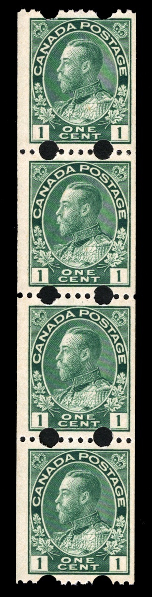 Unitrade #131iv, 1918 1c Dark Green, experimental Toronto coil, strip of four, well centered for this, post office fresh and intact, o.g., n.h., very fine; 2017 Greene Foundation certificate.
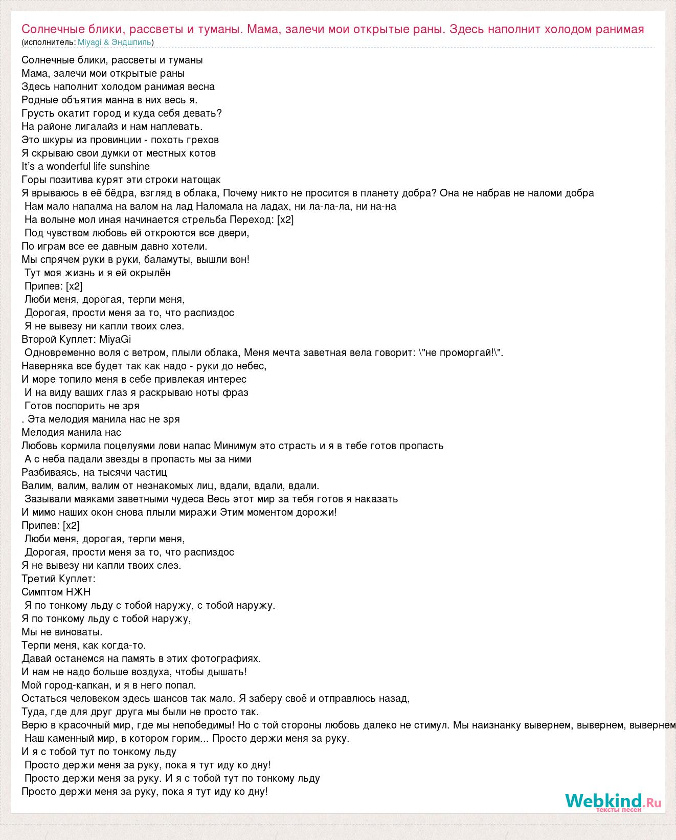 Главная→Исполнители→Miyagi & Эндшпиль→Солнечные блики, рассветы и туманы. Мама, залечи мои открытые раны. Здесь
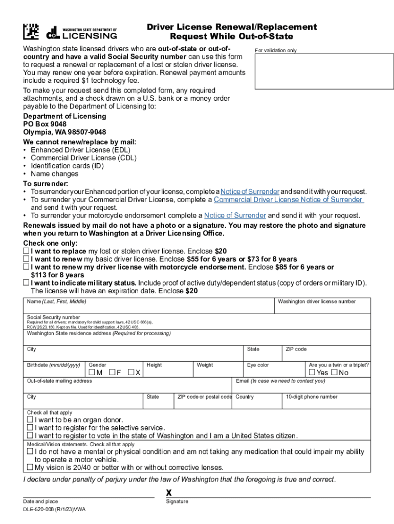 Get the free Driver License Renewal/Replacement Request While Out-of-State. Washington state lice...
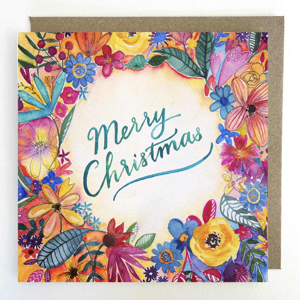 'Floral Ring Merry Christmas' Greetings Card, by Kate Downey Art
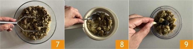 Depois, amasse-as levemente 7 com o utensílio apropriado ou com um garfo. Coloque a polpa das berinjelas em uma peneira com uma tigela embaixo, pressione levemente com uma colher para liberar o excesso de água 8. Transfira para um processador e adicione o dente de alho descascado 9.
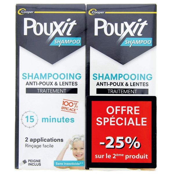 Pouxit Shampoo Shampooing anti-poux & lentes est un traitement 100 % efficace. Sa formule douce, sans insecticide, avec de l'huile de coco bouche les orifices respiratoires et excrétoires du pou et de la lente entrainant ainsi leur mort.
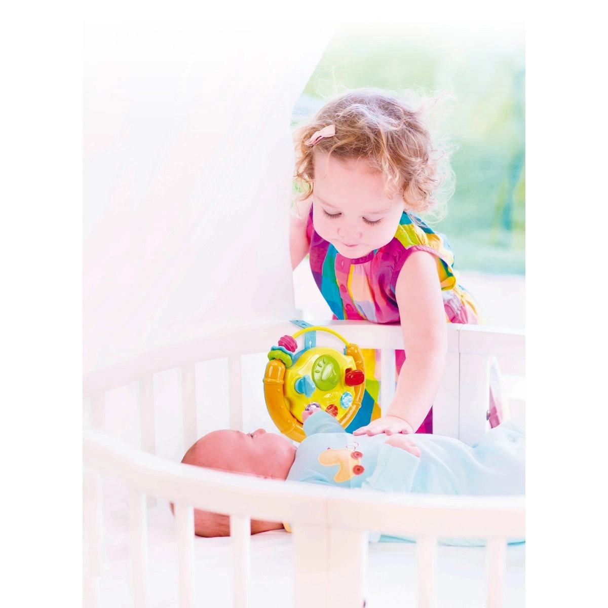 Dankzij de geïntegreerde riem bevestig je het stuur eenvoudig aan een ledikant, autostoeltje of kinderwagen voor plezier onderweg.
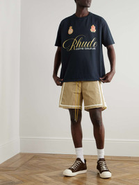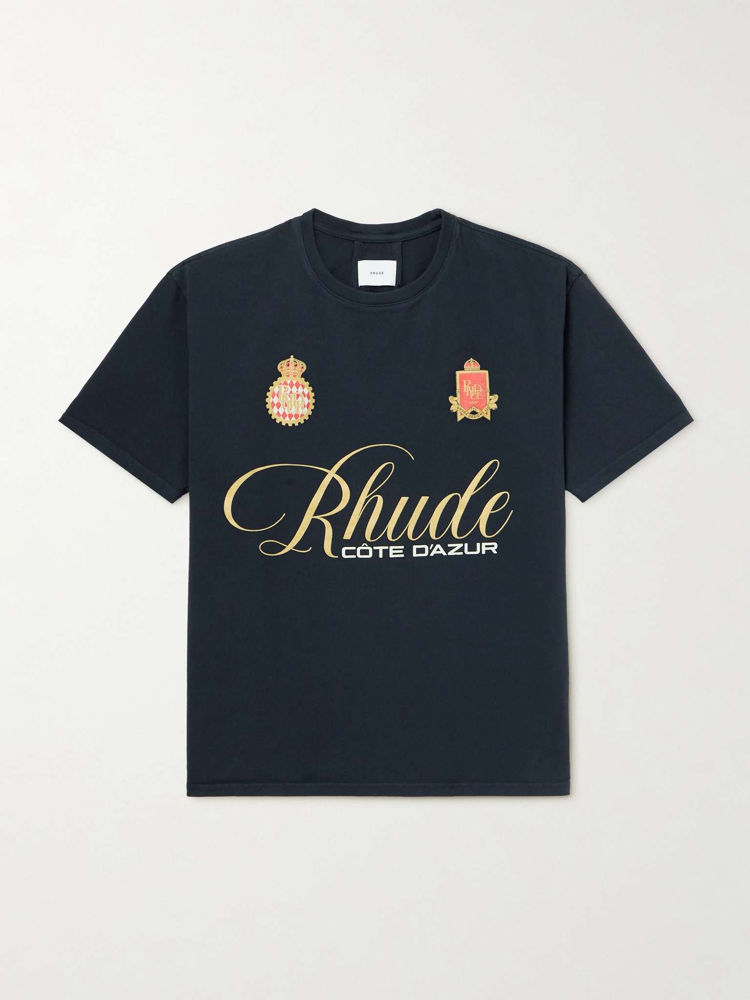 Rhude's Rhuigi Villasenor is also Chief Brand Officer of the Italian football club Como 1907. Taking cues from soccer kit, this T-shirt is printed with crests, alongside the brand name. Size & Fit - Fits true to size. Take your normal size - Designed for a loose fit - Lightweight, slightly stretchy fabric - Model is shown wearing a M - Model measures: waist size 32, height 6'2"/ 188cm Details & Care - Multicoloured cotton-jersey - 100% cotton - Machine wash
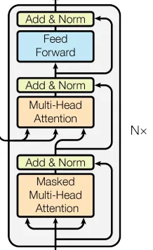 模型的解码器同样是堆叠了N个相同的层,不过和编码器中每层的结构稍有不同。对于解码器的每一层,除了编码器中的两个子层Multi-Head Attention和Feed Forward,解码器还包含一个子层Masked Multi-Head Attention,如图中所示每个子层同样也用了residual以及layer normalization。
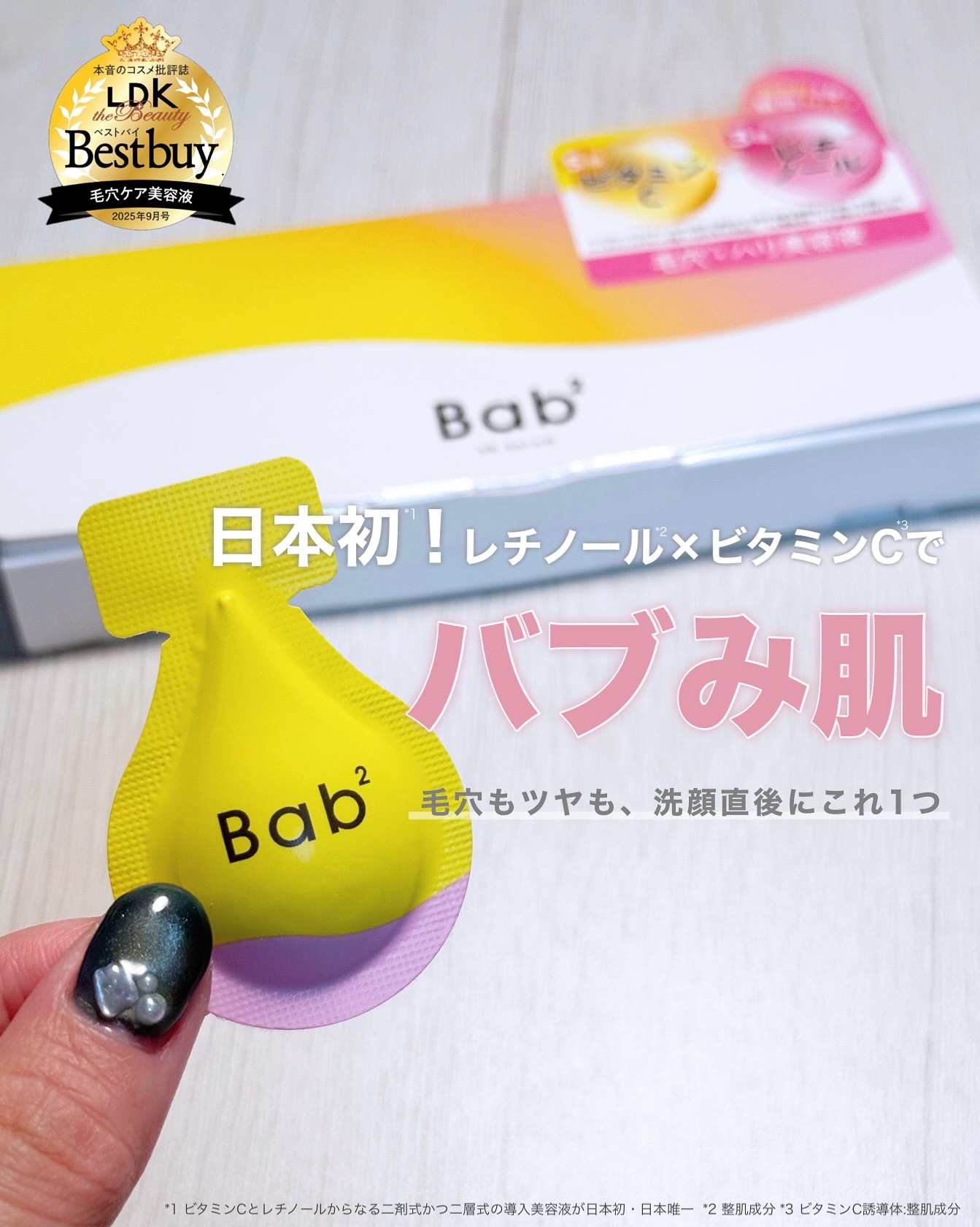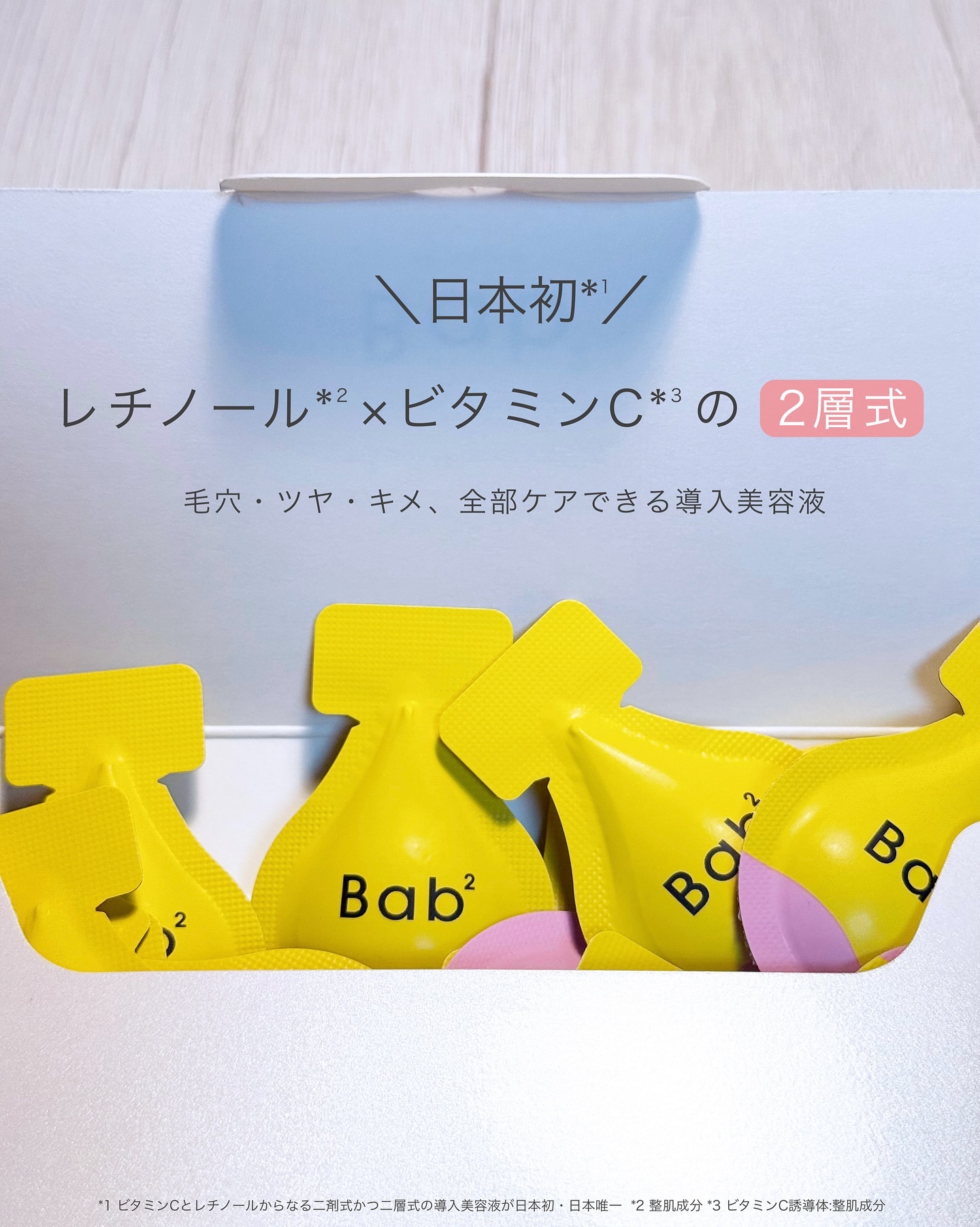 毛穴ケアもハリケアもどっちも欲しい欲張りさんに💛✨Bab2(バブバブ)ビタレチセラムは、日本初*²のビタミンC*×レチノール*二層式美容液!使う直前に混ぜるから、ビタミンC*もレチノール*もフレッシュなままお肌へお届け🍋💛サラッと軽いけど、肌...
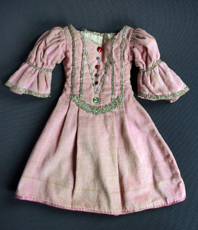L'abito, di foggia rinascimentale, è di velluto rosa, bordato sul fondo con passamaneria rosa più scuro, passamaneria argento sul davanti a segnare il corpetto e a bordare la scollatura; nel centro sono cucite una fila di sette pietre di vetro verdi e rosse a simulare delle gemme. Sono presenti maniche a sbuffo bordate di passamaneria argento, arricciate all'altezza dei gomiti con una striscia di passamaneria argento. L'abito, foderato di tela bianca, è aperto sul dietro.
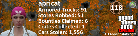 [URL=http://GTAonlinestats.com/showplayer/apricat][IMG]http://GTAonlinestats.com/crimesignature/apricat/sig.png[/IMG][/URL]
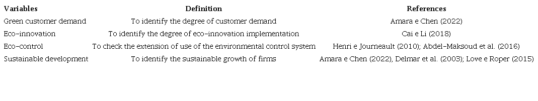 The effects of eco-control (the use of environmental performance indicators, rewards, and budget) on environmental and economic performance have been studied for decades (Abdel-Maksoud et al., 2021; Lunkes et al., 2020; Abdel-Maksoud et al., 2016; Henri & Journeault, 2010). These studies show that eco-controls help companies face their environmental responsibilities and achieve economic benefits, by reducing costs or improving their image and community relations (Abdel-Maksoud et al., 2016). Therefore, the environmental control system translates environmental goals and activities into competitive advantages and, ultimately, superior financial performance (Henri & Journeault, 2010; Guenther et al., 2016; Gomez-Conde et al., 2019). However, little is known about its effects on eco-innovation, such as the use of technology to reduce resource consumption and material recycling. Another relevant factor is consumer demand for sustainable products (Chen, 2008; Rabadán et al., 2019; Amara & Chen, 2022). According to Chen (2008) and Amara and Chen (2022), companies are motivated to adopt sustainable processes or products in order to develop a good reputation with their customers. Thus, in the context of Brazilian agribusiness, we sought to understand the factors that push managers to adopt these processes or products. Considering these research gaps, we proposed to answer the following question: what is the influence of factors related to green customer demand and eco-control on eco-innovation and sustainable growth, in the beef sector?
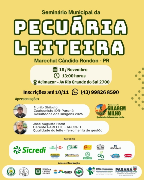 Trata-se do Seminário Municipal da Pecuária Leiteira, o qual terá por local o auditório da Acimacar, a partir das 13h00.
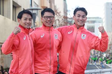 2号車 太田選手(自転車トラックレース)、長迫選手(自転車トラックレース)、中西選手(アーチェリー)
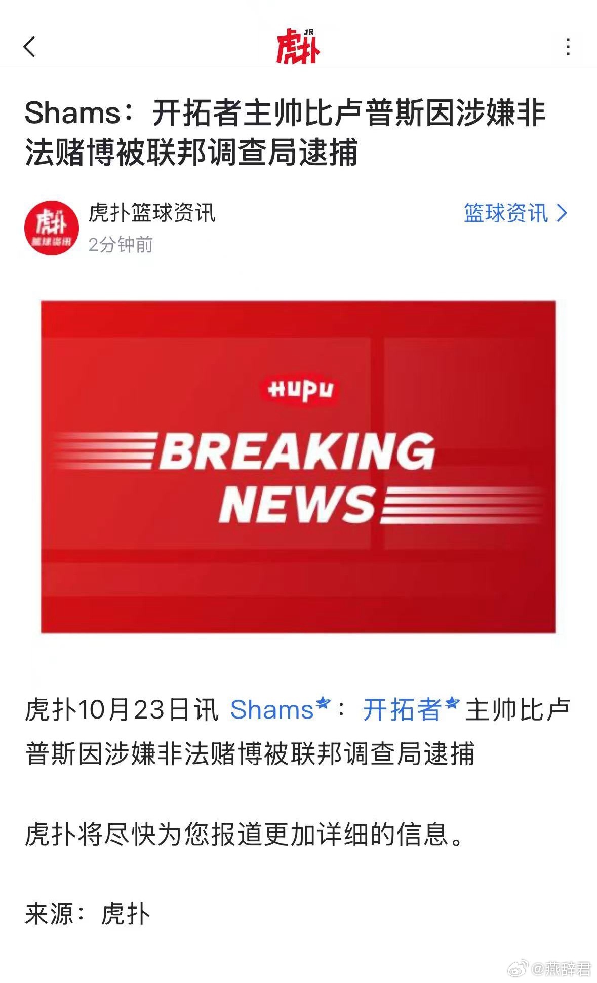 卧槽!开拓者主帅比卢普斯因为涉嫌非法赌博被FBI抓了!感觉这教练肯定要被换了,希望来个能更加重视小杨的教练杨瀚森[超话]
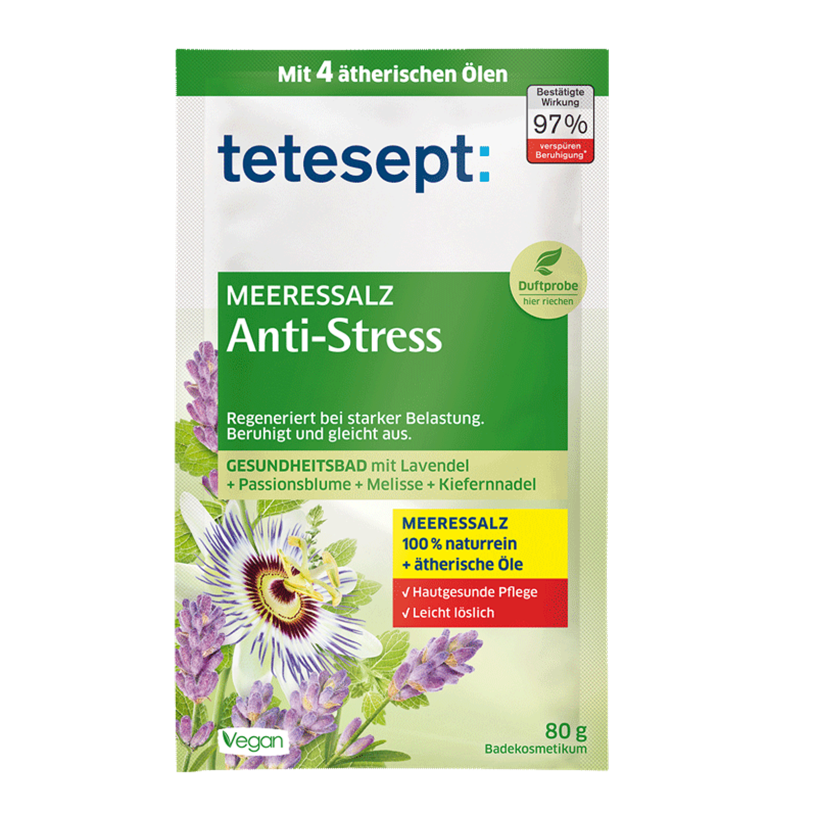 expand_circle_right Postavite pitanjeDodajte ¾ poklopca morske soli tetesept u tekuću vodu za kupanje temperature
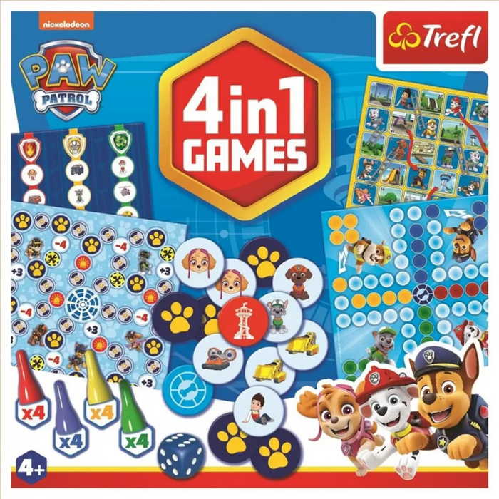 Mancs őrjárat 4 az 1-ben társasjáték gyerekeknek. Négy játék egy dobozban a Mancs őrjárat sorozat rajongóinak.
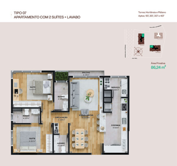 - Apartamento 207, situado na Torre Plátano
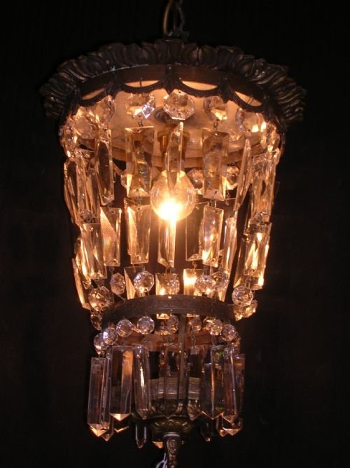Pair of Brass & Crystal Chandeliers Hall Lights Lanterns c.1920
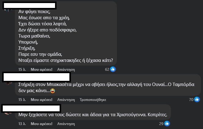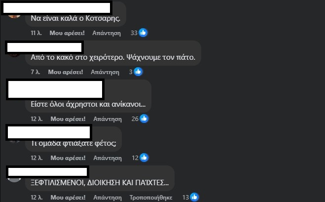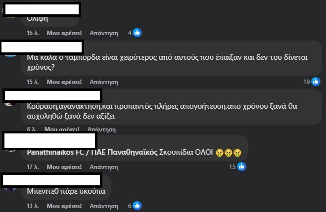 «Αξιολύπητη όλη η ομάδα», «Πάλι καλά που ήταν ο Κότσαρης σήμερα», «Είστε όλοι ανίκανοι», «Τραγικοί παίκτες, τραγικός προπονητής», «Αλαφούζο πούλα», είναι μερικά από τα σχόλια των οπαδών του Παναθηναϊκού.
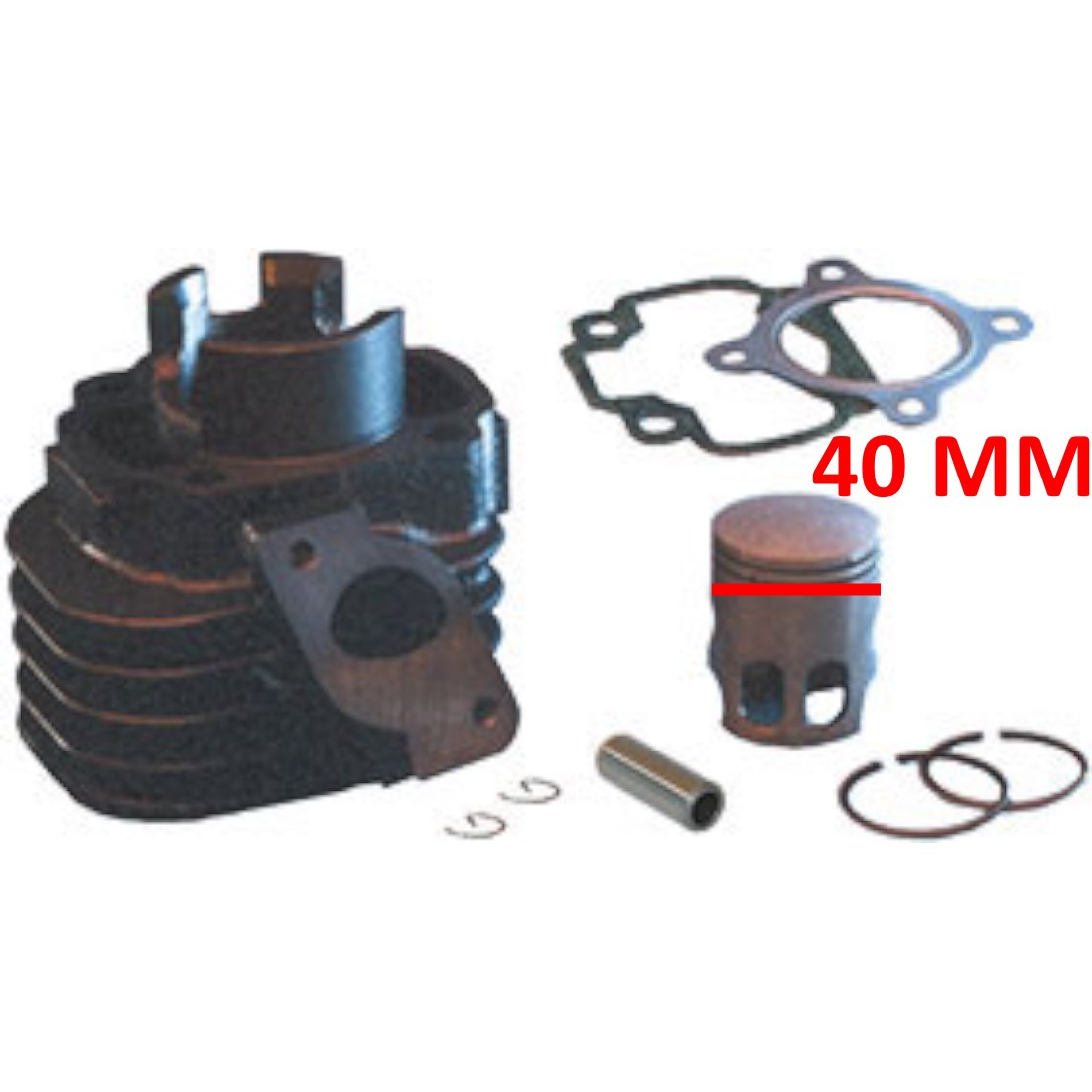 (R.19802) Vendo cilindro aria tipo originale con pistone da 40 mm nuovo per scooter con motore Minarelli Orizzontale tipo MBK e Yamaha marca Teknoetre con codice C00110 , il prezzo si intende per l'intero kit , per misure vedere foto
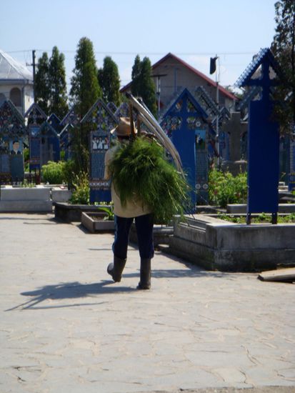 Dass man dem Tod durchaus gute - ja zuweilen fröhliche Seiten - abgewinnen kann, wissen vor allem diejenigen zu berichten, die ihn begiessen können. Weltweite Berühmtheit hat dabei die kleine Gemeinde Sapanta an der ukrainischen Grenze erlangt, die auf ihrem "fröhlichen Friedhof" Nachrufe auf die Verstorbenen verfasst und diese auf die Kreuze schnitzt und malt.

▶ _WHAT TO PRODUCE_:
Nothing but the lines from the beginning of the material through the line with "Rhude's Rhuigi Villasenor" should appear, printed exactly, with no pictures among them.

▶ _RESULT_:
 Unitrade #131iv, 1918 1c Dark Green, experimental Toronto coil, strip of four, well centered for this, post office fresh and intact, o.g., n.h., very fine; 2017 Greene Foundation certificate.
 Главная→Исполнители→Miyagi & Эндшпиль→Солнечные блики, рассветы и туманы. Мама, залечи мои открытые раны. Здесь
 Get the free Driver License Renewal/Replacement Request While Out-of-State. Washington state lice...
 'Floral Ring Merry Christmas' Greetings Card, by Kate Downey Art
 Depois, amasse-as levemente 7 com o utensílio apropriado ou com um garfo. Coloque a polpa das berinjelas em uma peneira com uma tigela embaixo, pressione levemente com uma colher para liberar o excesso de água 8. Transfira para um processador e adicione o dente de alho descascado 9.
 Pouxit Shampoo Shampooing anti-poux & lentes est un traitement 100 % efficace. Sa formule douce, sans insecticide, avec de l'huile de coco bouche les orifices respiratoires et excrétoires du pou et de la lente entrainant ainsi leur mort.
 Dankzij de geïntegreerde riem bevestig je het stuur eenvoudig aan een ledikant, autostoeltje of kinderwagen voor plezier onderweg.
 Rhude's Rhuigi Villasenor is also Chief Brand Officer of the Italian football club Como 1907. Taking cues from soccer kit, this T-shirt is printed with crests, alongside the brand name. Size & Fit - Fits true to size. Take your normal size - Designed for a loose fit - Lightweight, slightly stretchy fabric - Model is shown wearing a M - Model measures: waist size 32, height 6'2"/ 188cm Details & Care - Multicoloured cotton-jersey - 100% cotton - Machine wash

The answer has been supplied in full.